It is known since the beginning of akaline accumulator technology that addition of sulfide as iron sulfide and in quantities of above 0.2 to 0.3% by weight, in general much more (e.g., 4 or 5%), exhibits a useful effect on the capacity density and reduces the self discharge of the iron electrode. The addition of iron sulfide, the addition of a sulfide to the electrolyte or the addition of sulphur compounds to the electrode material is described for instance, in Swedish Pat. No. 196,168 and in the German Offenlegungsschrift No. 2,206,828.
Addition of these sulfide and sulfur compounds and in these quantities has, however, not been found to eliminate the variability effect of the iron electrode discharge from the ideal described above.
It is also known that addition of lead sulfide to zinc electrodes improves the charge efficiency of the zinc electrodes due to the influence of the lead sulfide on the hydrogen overvoltage. However, the lead sulfide addition could possibly not influence the discharge mode of the zinc electrode since zinc has only one discharge step. Furthermore, the lead sulfide could not have an influence on the electrode structure or porosity since the zinc electrode goes at least partially into solution during discharge as zincate and the structure is at least partially rebuilt during each charge and discharge cycle. Lead sulfide therefore exhibits a quite different technical effect when it is used as addition to the zinc electrode. The addition of lead sulfide to iron electrodes has not been suggested or tried before because iron sulfide exhibits about the same useful effect on the hydrogen overvoltage as such and it has therefore not been of any interest to add lead sulfide for this purpose.

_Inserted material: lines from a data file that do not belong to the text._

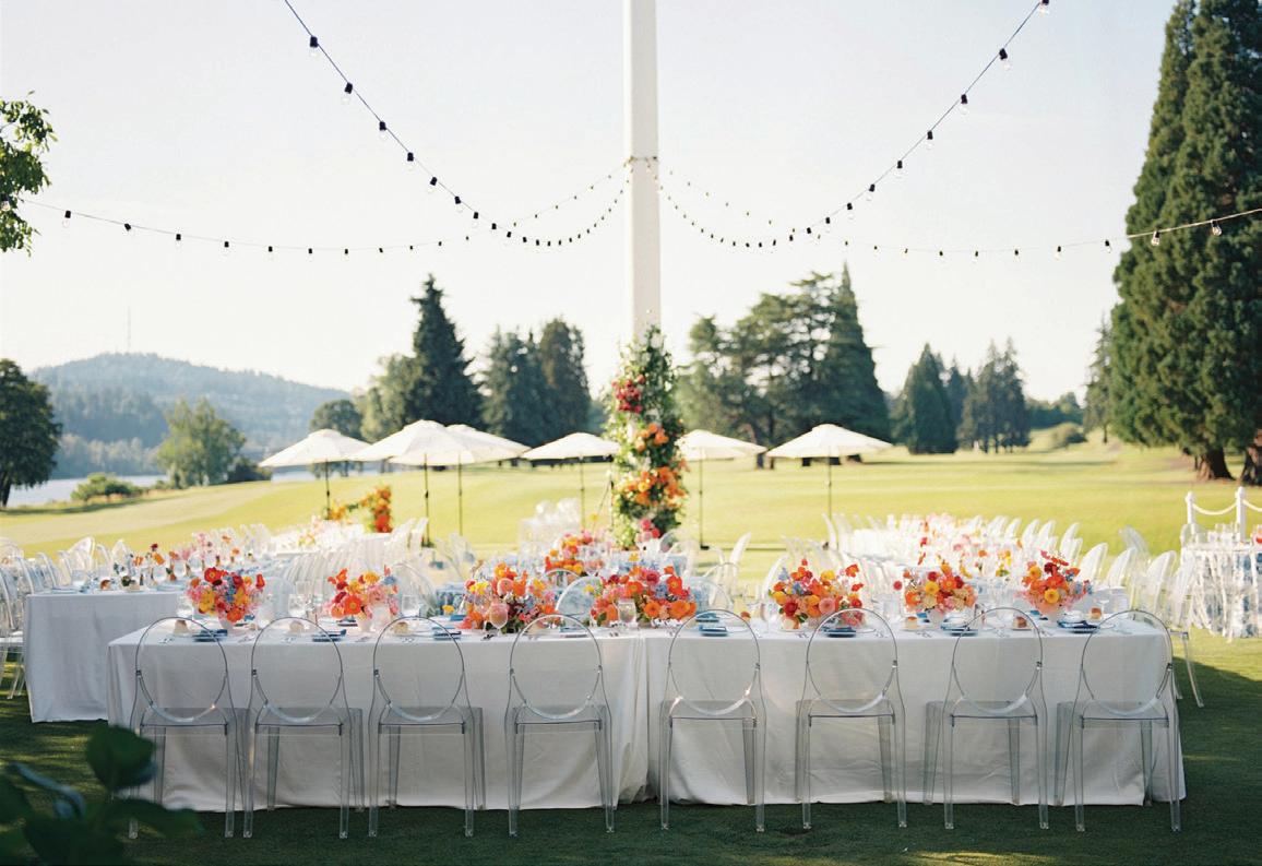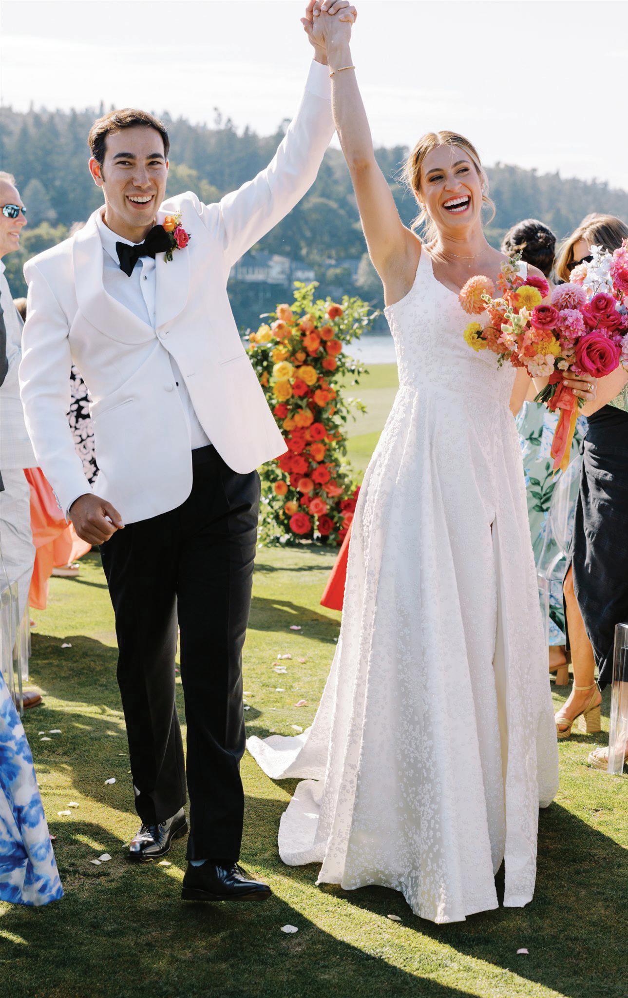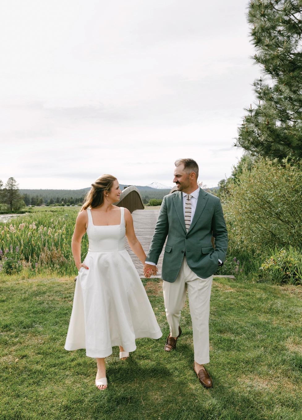 Whitney and Mitchell enjoy boating on the Willamette River in the summer months, so they knew that Waverley Country Club would be a perfect spot for their dream wedding amid blue skies, 360-degree views and boats cruising the river in the background. Their celebration was full of thoughtful details and touches from start to finish. Throughout their relationship, Mitchell has always surprised Whitney with flowers. To recall a similar feeling, Mitchell handed Whitney her bouquet during their first look on their wedding day—a sentimental, sweet moment. The groom even had a “first look” with his mom and sisters. Whitney described her floral vision as “wildflowers that met elegance,” which bounded in bright colors and textures against the verdure of the property. Wildflowers continued to a stunning cake meadow holding a classic all-white confection from Papa Haydn, a place the family would always buy special occasion cakes. When it came to the reception, the couple sought to create an unforgettable alfresco dining moment for their guests that captured the slow, easy pace of summer when you’re surrounded by loved ones with nowhere else to be. Looking back on the day, Whitney wouldn’t change a thing: “There really is no moment like walking down the aisle to marry the love of your life,” she says. “Let yourself truly be all in at that moment! You will realize nothing in the world matters other than all the love between the two of you and the support of your friends and family for your lifetime together. We would redo this day, in the same way, in a heartbeat.” —Chelsea Gibson
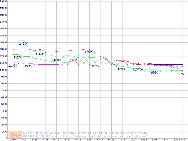 | [↑前グラフ]: | 2.5インチHDD 10GB~20GB未満(9.5mm厚)の最安値推移 |
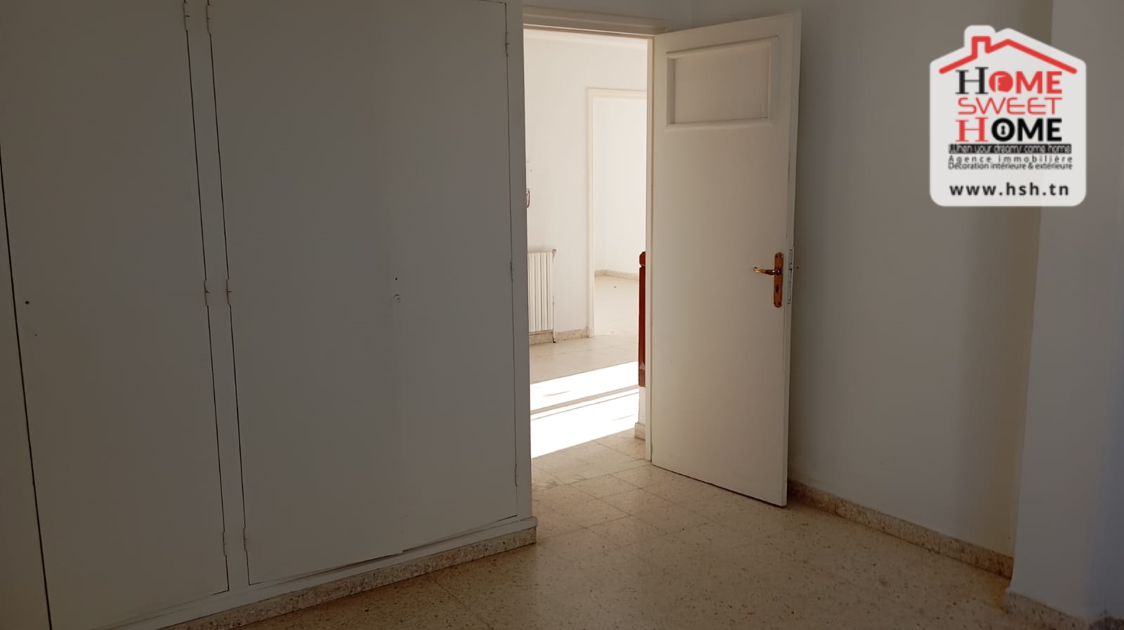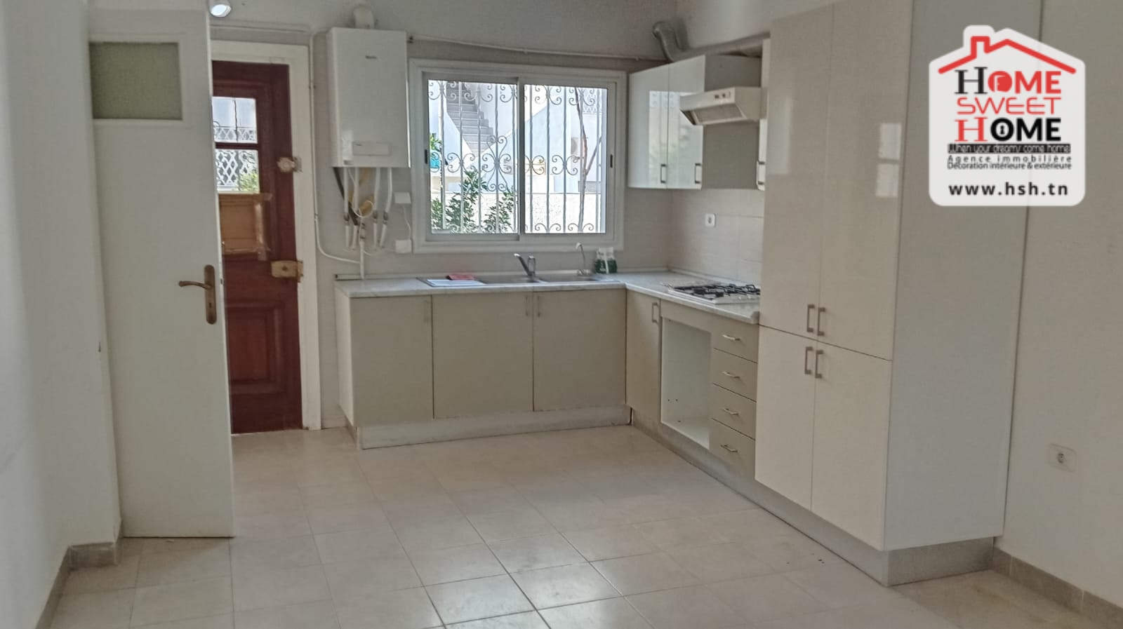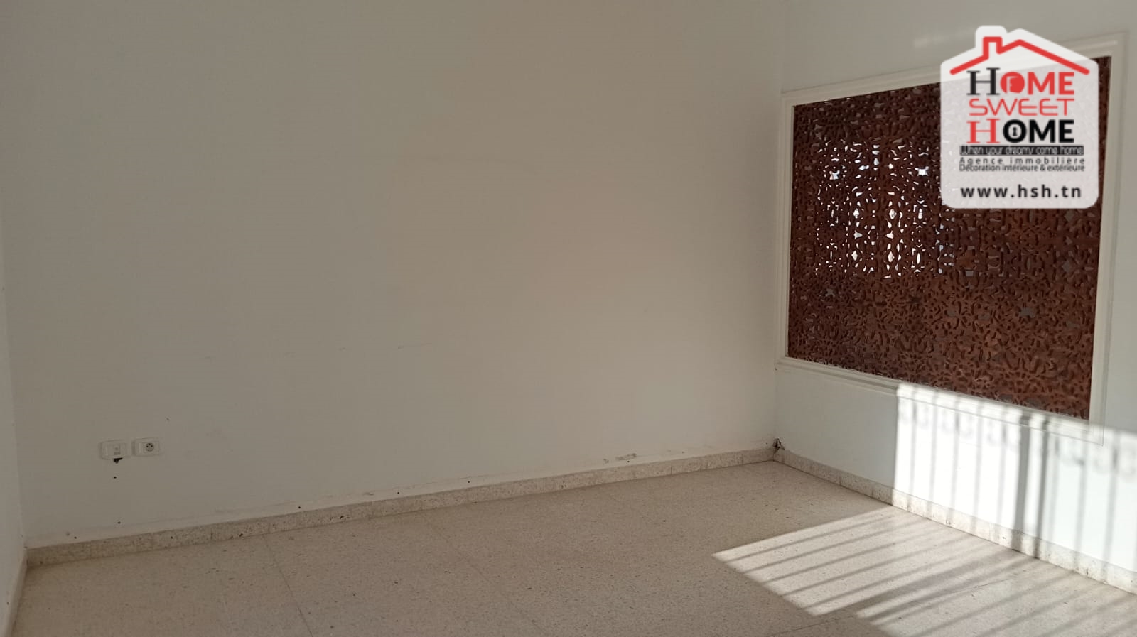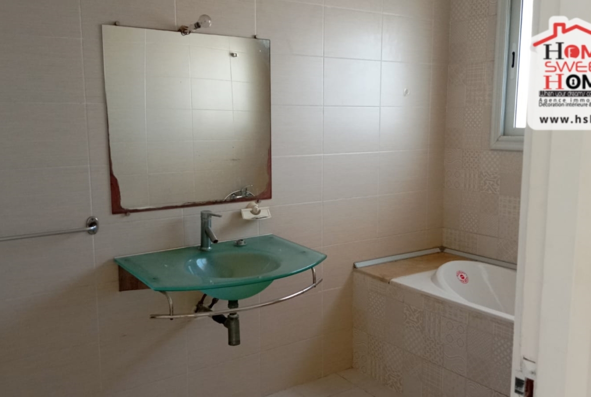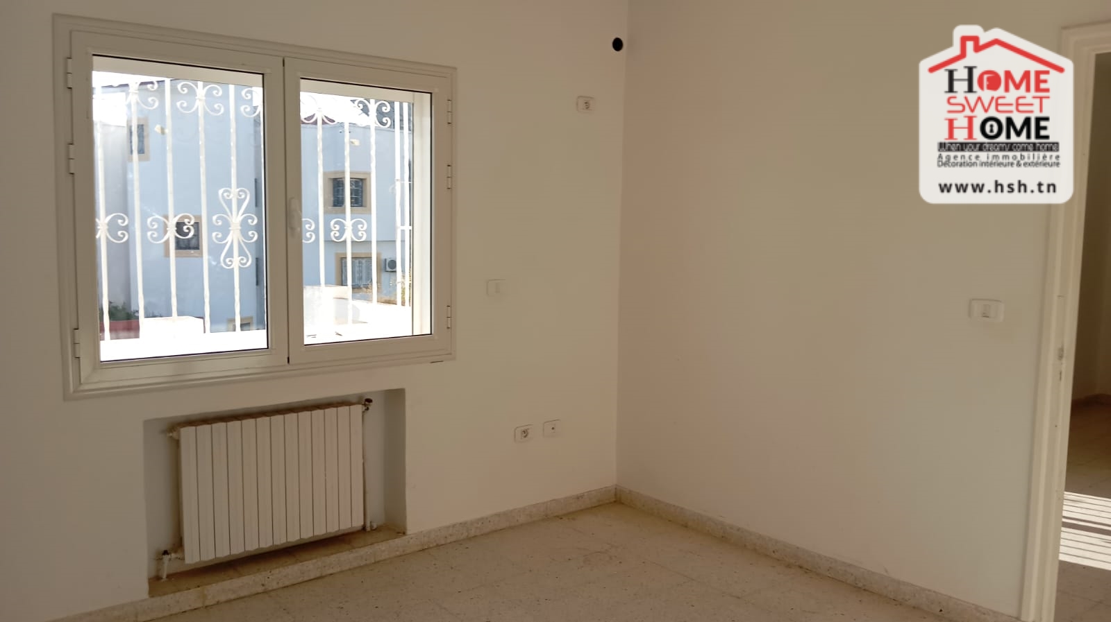 Une charmante villa jumelée d’un côté situé dans un quartier résidentiel très prisé à Riadh EL Andalous. Au RDJ, On trouve un débarras et un parking de voiture. Au RDC, On trouve un double salon, séjour, une salle à manger, une cuisine équipée avec séchoir et une salle d’eau pour les invités. A L’étage, On trouve 4 chambres, un bureau, une salle de bain et un balcon. A L’extérieur, On a une terrasse, un jardin et un abris de voiture.
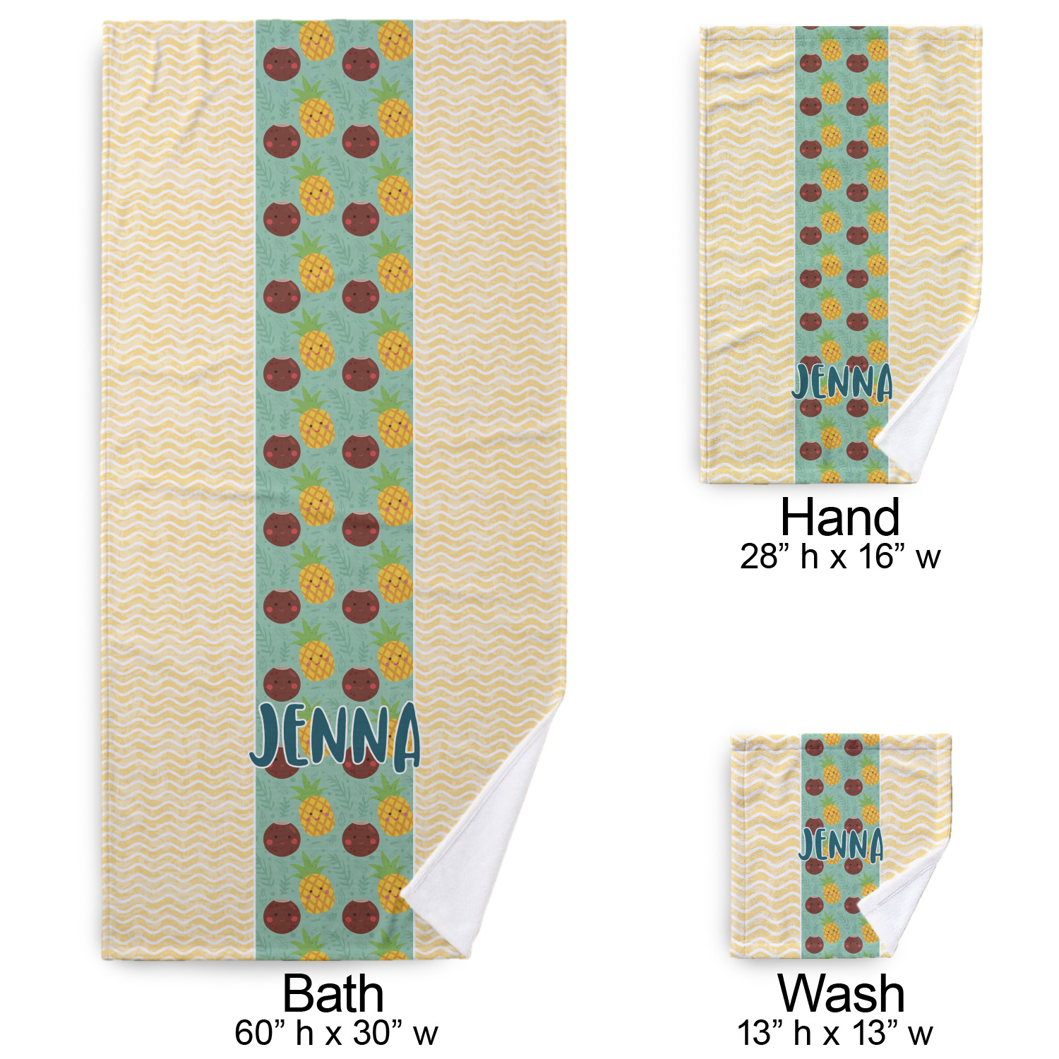 | Product Dimensions | Bath Towel (Approx. 30" x 60") Hand Towel (Approx. 16" x 28") Wash Cloth (Approx. 13" x 13") |
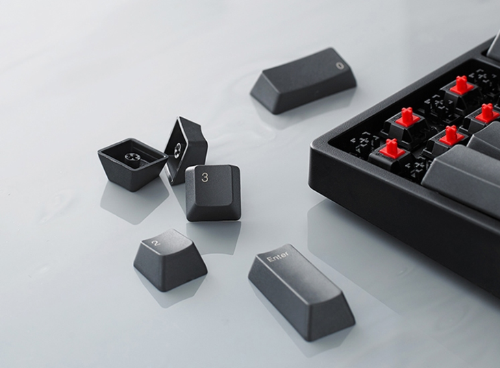 键帽的排列方式符合人体工学,从上到下为6排4阶排列设计,能够更贴合手指的运动轨迹,长时间打字也能获得舒适的体验。
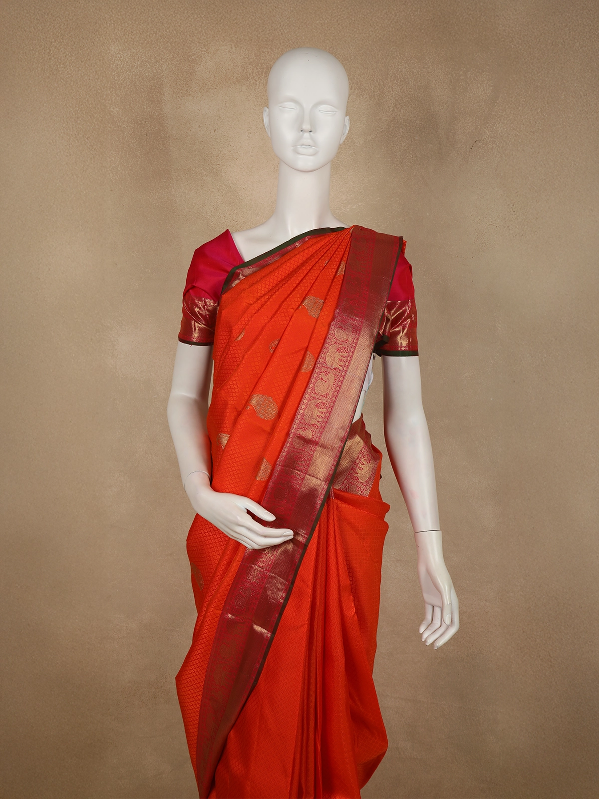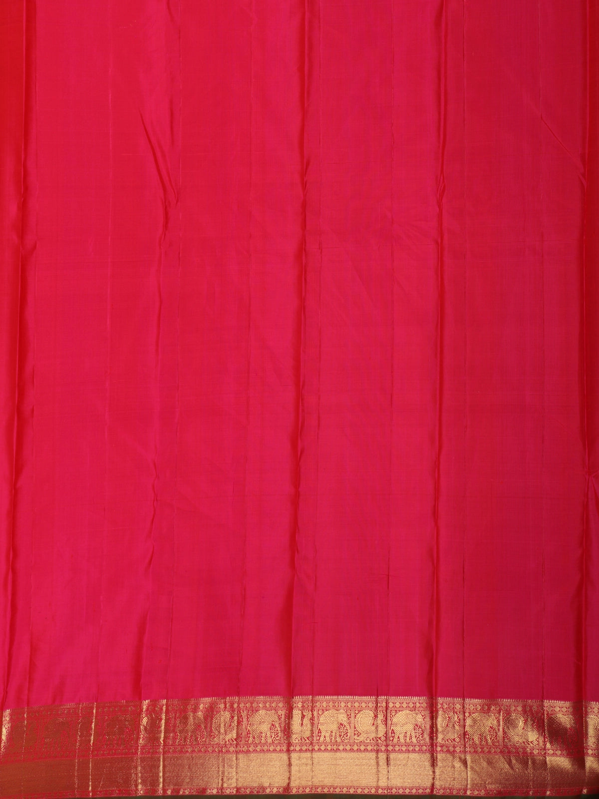 Framing the saree is a striking contrast deep maroon border, richly highlighted with gold zari detailing that adds a regal finish. The pallu continues the opulent zari work, creating a harmonious balance between vibrancy and tradition. Paired with a contrast magenta blouse with gold-toned sleeves, this Kanchipuram silk saree is an exquisite choice for weddings, festive celebrations, temple occasions, and bridal trousseaus, making it a classic heirloom-worthy piece.
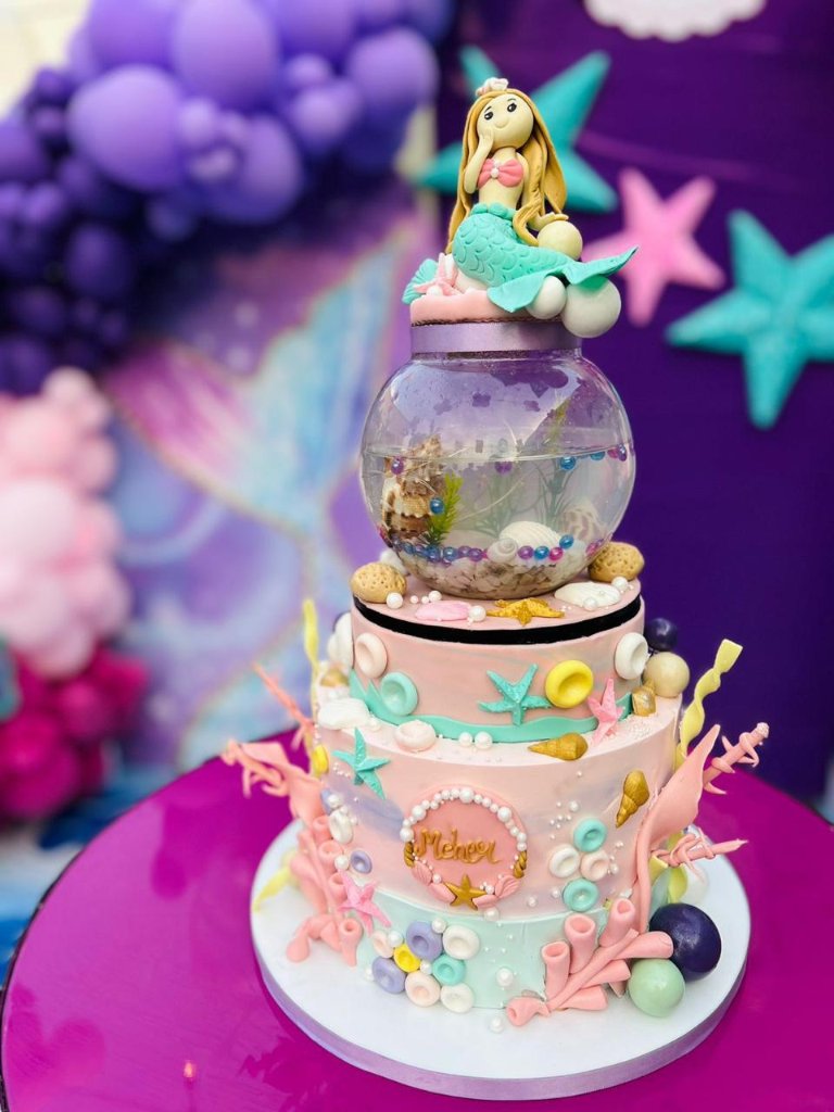 Transform your celebration into an enchanting undersea adventure with our Mermaid Theme Cake. Adorned with vibrant edible seashells, shimmering tails, and oceanic hues, this cake is as stunning as it is delicious.

It is an object of this invention to provide an iron electrode which substantially alleviates the problems of the prior art.
It is also an object of this invention to provide an iron electrode for use in a chemoelectric cell which shows a substantially uniform discharge pattern.
It is further an object of this invention to provide an improved chemoelectric cell containing an iron electrode which shows a substantially uniform discharge pattern.